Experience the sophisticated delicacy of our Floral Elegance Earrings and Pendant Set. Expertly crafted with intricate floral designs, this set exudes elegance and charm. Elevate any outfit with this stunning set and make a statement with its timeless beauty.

==

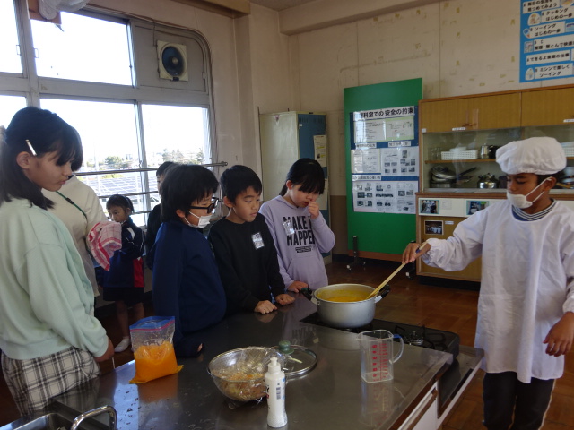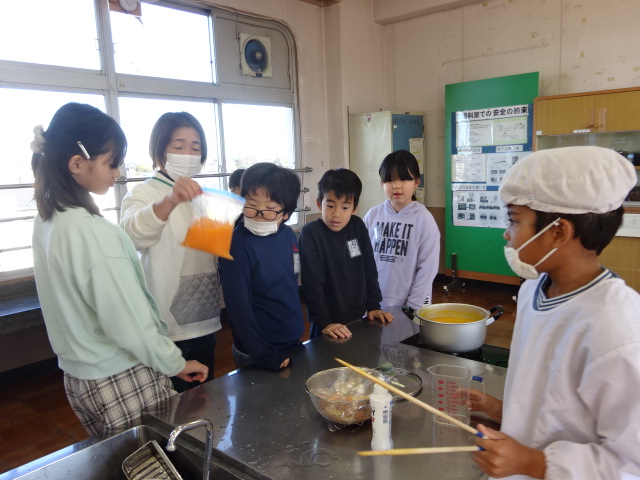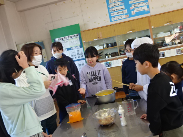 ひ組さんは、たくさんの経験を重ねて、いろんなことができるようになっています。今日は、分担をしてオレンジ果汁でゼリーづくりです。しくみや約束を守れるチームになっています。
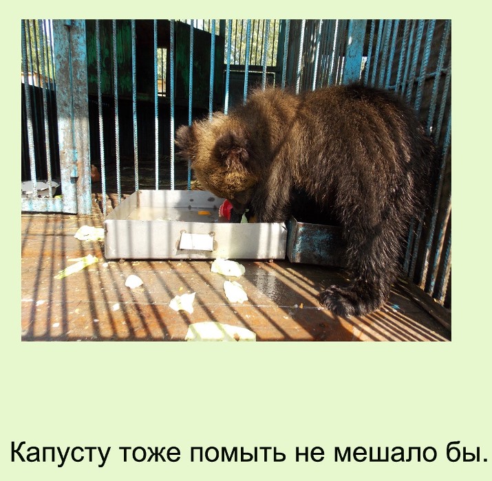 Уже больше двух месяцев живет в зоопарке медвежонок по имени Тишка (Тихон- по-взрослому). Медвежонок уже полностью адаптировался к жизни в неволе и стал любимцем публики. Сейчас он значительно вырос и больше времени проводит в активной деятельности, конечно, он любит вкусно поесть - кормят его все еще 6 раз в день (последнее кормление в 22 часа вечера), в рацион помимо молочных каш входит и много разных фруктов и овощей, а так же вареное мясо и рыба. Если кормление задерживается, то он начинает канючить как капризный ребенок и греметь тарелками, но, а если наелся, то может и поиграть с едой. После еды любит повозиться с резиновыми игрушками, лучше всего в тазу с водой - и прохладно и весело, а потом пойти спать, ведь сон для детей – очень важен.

*WHAT YOU HAVE TO DO*:
With the pictures omitted, copy exactly the lines of the listing above starting at the line containing "ひ組さんは、たくさんの経験を" and ending at the line containing "Уже больше двух", both included.

*WRITTEN RESPONSE*:
 ひ組さんは、たくさんの経験を重ねて、いろんなことができるようになっています。今日は、分担をしてオレンジ果汁でゼリーづくりです。しくみや約束を守れるチームになっています。
 Уже больше двух месяцев живет в зоопарке медвежонок по имени Тишка (Тихон- по-взрослому). Медвежонок уже полностью адаптировался к жизни в неволе и стал любимцем публики. Сейчас он значительно вырос и больше времени проводит в активной деятельности, конечно, он любит вкусно поесть - кормят его все еще 6 раз в день (последнее кормление в 22 часа вечера), в рацион помимо молочных каш входит и много разных фруктов и овощей, а так же вареное мясо и рыба. Если кормление задерживается, то он начинает канючить как капризный ребенок и греметь тарелками, но, а если наелся, то может и поиграть с едой. После еды любит повозиться с резиновыми игрушками, лучше всего в тазу с водой - и прохладно и весело, а потом пойти спать, ведь сон для детей – очень важен.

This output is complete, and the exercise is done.